Saturday, April 11, 2020

Quarantine Holy Week, with interviews, excerpts, poems, and Charis


Charis in the World of Wonders 
and poems: updatery!

Anak Krakatoa erupted on Good Friday, locusts afflict Africa, the pandemic rages everywhere, Etobicoke Creek ran as red as blood: maybe you had better get started on your quarantine reading of Charis in the World of Wonders...

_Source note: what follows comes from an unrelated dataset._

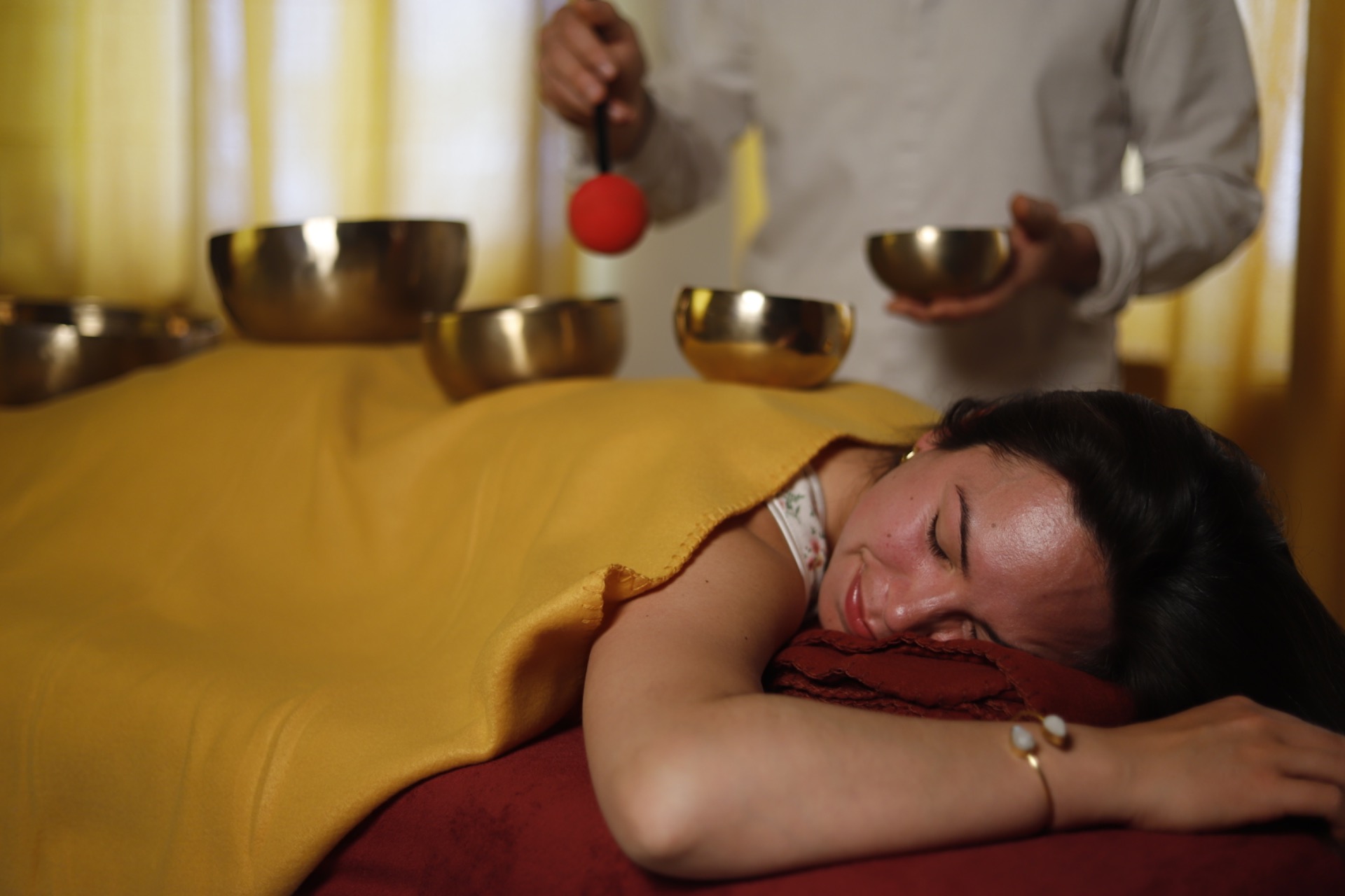 Bei einer Klangmassage werden Klangschalen auf und um dem Körper positioniert und sanft angespielt. Ihre feinen Vibrationen breiten sich wie Wellen im gesamten Körper aus und führen in einen Zustand tiefer Entspannung und innerer Harmonie.

"Q and A with Marly Youmans, Author of Charis In The World Of Wonders" - interview at Women Writer, Women's Books  11 April 2020

Excerpt (the first appearance of Hortus) from Charis in the World of Wonders at Women Writers, Women's Books  3 April 2020

"Mystic Journey," "Jane Eyre in the Red Room," "The Plum Oak Pot," and "The Hand" (audio and text) at Pete Candler's pandemic project, A New Decameron. The first and last poems are blank verse; the other two are part of a sequence of poems influenced by Hebrew parallelism and Yoruban praise traditions: art has always been a Silk Road. Thanks to Pete for a request.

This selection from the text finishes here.